Abiotic anoxic reduction of AsO4 adsorbed Mg(II)–Al(III)/Fe(III)–CO3/SO4 Layered Double Hydroxides: Implications of As release and phase transformations

Abstract

In this work, the stability of arsenate adsorbed Mg(II)–Al(III)/Fe(III)–CO3/SO4 Layered Double Hydroxides (LDHs) under three abiotic anoxic reductive conditions that may be encountered in Tailings Management Facilities (TMFs) were evaluated. At pH 8 and 10 mM Fe(II) (aq), the formation of Fe(III)-oxy/hydroxides (FeOHs) occurred for all 5 LDHs but the Fe-based LDHs precipitated the greatest amounts. All LDHs released <0.3 mg/L total As(aq) and the reacted solid surface remained as As(V) except for MgFeSO4. For reactions at pH 8 and 0.5 mM Fe(II) (aq), precipitation of FeOHs occurred but preferential formation to magnetite (for MgFeSO4) and 2-line ferrihydrite (for MgFeCO3) transpired.
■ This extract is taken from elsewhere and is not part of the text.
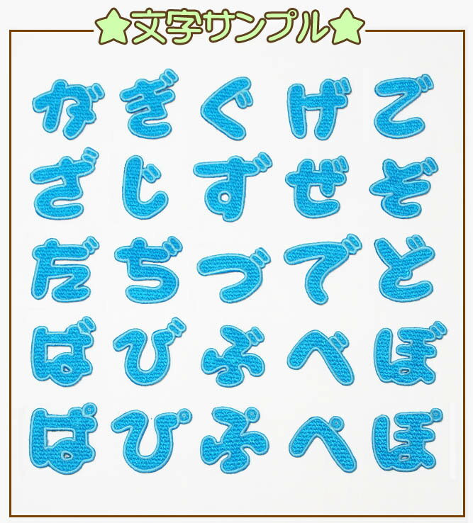 刺繍ひらがなワッペン 青色 (が行〜ぱ行) 縁取り刺繍 文字ワッペン アイロン接着

The highest total As(aq) release followed the order: MgAlSO4 > MgAlFeCO3SO4 > MgAlCO3 > MgFeCO3/MgFeSO4. The solid surfaces remained as As(V) except for MgAlSO4, MgAlCO3, and MgAlFeCO3SO4 LDHs where 10–25% As(III) formed. Finally, at pH 10 and 0.5 mM Fe(II) (aq), the formation of FeOHs occurred to various degrees but a significant amount of CaCO3(s) precipitated. A 2-stage release and re-adsorption mechanism of total As(aq) occurred following the order: MgAlFeCO3SO4 > MgAlSO4 > MgFeCO3 > MgAlCO3 > MgFeSO4. A significant portion of the solid surfaces (30–90%) was found as As(III) for all reacted LDHs. This work provides a guideline for the environmental behavior of As(V) adsorbed LDHs where relevant underwater cover TMF abiotic reducing conditions may exist.